Yes, we feel sorry for you, Ned Obody at the DMV.  Too bad you’re stuck with the email address of nobody@thedmv.goov as your email address.  (Note for anyone attempting to reach Mr Ned — Web Watch made that email address up, so the chances of it actually working are slim to none.)

Scamorama: Turning the Tables on Email Scammers
Scamorama: Turning the Tables on Email Scammers

But the only reason that scam emails are out there are because for every million emails that get sent out, it only takes one person to give in to the nonsense and send those scammers money.  That’s what makes it worthwhile to the scammer, and a pain in the butt for everyone else.
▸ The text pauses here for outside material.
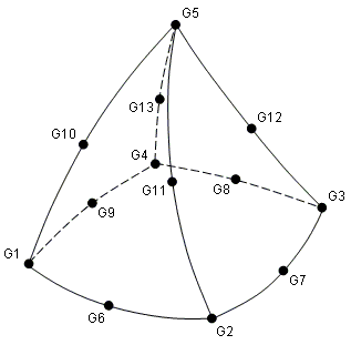 Description: Defines the connections of a five-sided isoparametric solid element with five to thirteen grid points.
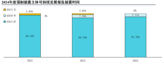2022至2024年度,绝大部分强制披露主体在4月30日之前披露了可持续发展报告。2024年度,389家已披露可持续发展相关报告的强制披露主体中,分别有92.29%(359家)和7.71%(30家)的公司在4月30日之前和4月30日当天披露可持续发展报告。

Just a reminder: don’t ever buy anything from an unsolicited email.  It’s that easy.

That’s the philosophy behind the ERNST & YOUNG’s FRAUD INVESTIGATION division, because they – in conjunction with the FBI – have compiled a list of the 15 MOST COMMONLY USED PHRASES in email fraud.

In other words, if you see any of the following  in some unsolicited/unwelcome piece of email, then chances are it’s a fraud and can be safely deleted.

  1. Cover up
  2. Write off
  3. Illegal
  4. Failed investment
  5. Nobody will find out
  6. Grey area
  7. They owe it to me
  8. Do not volunteer information
  9. Not ethical
  10. Off the books
  11. Backdate
  12. No inspection
  13. Pull earnings forward
  14. Special fees
  15. Friendly payments

All that being said, I do have a bridge in Brooklyn that I’d like to sell you.  You can take it as a write-off, and just pay this low special fee.  We can even negotiate a lower price if you’re willing to do it off the books.  Up to you, of course…

What, no takers?  Anyone?  Bueller?  Bueller?